Supplied material:
--- START ---

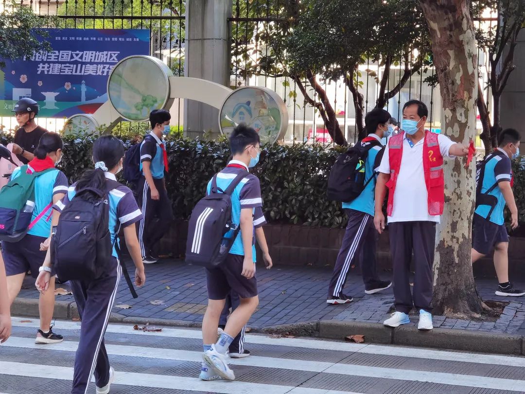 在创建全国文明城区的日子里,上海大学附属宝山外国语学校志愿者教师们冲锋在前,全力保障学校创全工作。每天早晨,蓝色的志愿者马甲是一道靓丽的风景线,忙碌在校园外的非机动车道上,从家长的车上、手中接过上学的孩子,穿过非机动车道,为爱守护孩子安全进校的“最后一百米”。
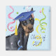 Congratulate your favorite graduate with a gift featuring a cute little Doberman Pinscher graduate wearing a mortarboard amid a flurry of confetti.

--- END ---
--- START ---

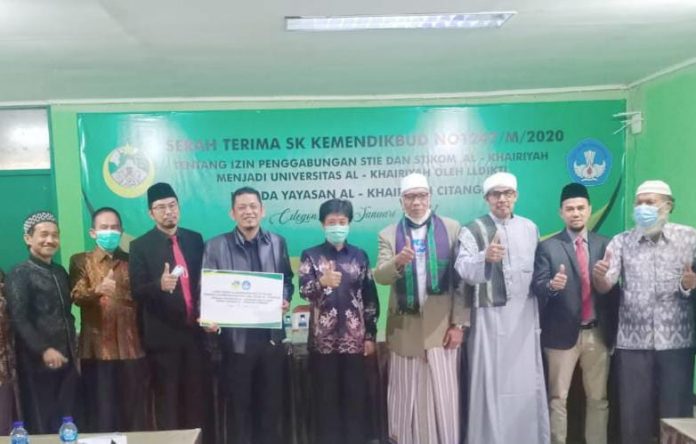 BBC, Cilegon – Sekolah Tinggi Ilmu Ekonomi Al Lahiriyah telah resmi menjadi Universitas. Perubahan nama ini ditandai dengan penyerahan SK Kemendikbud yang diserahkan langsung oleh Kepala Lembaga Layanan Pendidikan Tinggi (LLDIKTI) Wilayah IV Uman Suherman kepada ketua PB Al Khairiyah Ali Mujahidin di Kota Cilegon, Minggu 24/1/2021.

--- END ---

What you are asked to do:
Look through the listing above for the line with "在创建全国文明城区的日子里,上海大学附属" and the line with "Congratulate your favorite". Write out exactly those lines and everything between, leaving out pictures.

Solved exercise:
 在创建全国文明城区的日子里,上海大学附属宝山外国语学校志愿者教师们冲锋在前,全力保障学校创全工作。每天早晨,蓝色的志愿者马甲是一道靓丽的风景线,忙碌在校园外的非机动车道上,从家长的车上、手中接过上学的孩子,穿过非机动车道,为爱守护孩子安全进校的“最后一百米”。
 Congratulate your favorite graduate with a gift featuring a cute little Doberman Pinscher graduate wearing a mortarboard amid a flurry of confetti.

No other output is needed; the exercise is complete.